[Material provided — start]

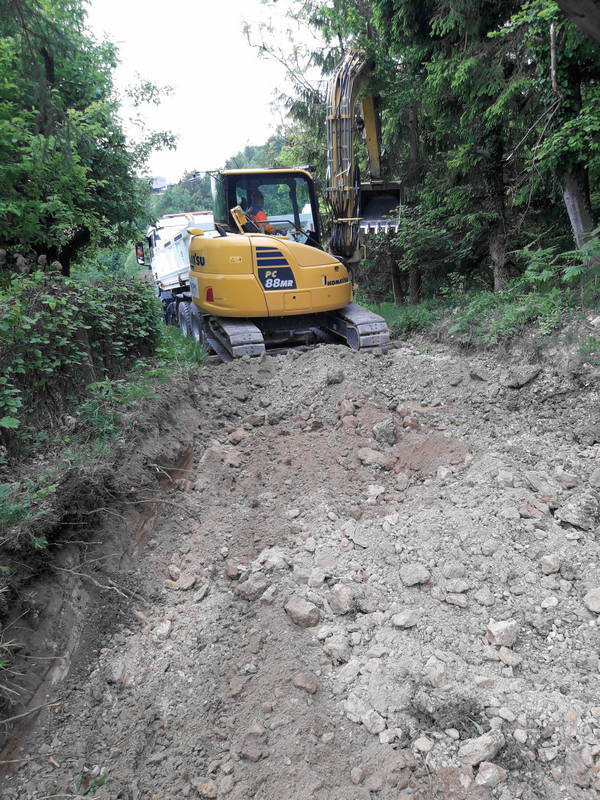 Nadaljevali smo z deli na drugi še nedokonačni cesti Stolnik – Laniše, kjer smo v tem tednu z zemeljskimi deli pripravili vse potrebno za njeno dokončanje. V ponedeljek se bo, če bo vse po sreči, izvajalo asfaltiranje, tamkajšnjim občanom pa bo tako prihranjena marsikatera sitnost, ki jih sicer prinašajo makadamske ceste.
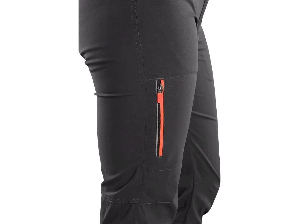 Dámské letní kalhoty pro volný čas, pevný pas s páskem a vnitřním protiskluzovým potiskem, kapsa na zip na pravém stehně, zadní kapsa na zip, větrání v zadní kolenní části, reflexní doplňky.
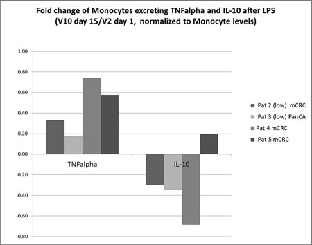 Figure 2: Fold change of Monocytes excreting TNF alpha and IL-10 after Lipopolysaccharide induced cytokine release. Enhanced TNF/IL-10 ratio in four patients analyzed showing pro-inflammatory potency (TNF release) of peripheral blood monocytes following TLR-4 stimulation increased over the observation time while the anti-inflammatory potency (IL-10 release) decreased (mean: 3.73 fold, range 1,32 - 6,01 fold).
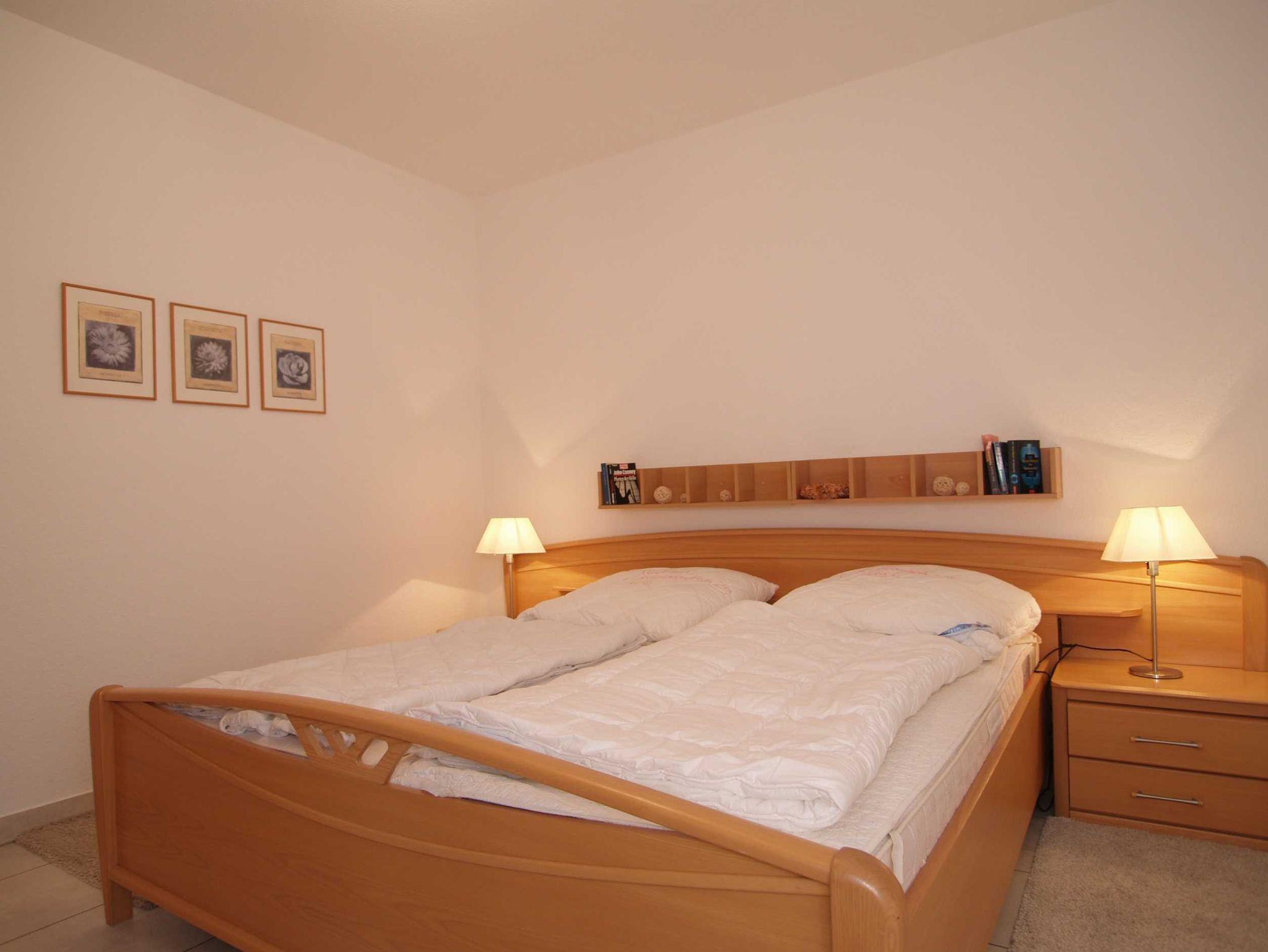 Im Schlafzimmer erwartet Sie ein gemütliches Doppelbett, das für erholsame Nächte sorgt. Der große Kleiderschrank bietet ausreichend Stauraum für Ihre Urlaubsgarderobe. Zusätzlich gibt es einen kleinen Abstellraum, der für noch mehr Stauraum sorgt.
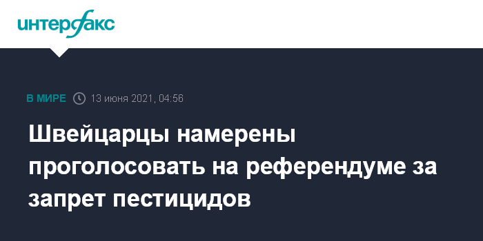 Москва. 13 июня. INTERFAX.RU - Граждане Швейцарии должны намерены проголосовать на референдуме в это воскресенье за запрет использования пестицидов. Это может привести к тому, что их страна станет второй в мире после Бутана, отказавшейся от химических средств для борьбы с вредителями растений. Об этом сообщает BBC News.

[Material provided — finish]

About this task: Within the data above, repeat exactly the lines from the one bearing "Dámské letní kalhoty" through the one bearing "Figure 2: Fold". Include no pictures and nothing else.

Response to the task:
 Dámské letní kalhoty pro volný čas, pevný pas s páskem a vnitřním protiskluzovým potiskem, kapsa na zip na pravém stehně, zadní kapsa na zip, větrání v zadní kolenní části, reflexní doplňky.
 Figure 2: Fold change of Monocytes excreting TNF alpha and IL-10 after Lipopolysaccharide induced cytokine release. Enhanced TNF/IL-10 ratio in four patients analyzed showing pro-inflammatory potency (TNF release) of peripheral blood monocytes following TLR-4 stimulation increased over the observation time while the anti-inflammatory potency (IL-10 release) decreased (mean: 3.73 fold, range 1,32 - 6,01 fold).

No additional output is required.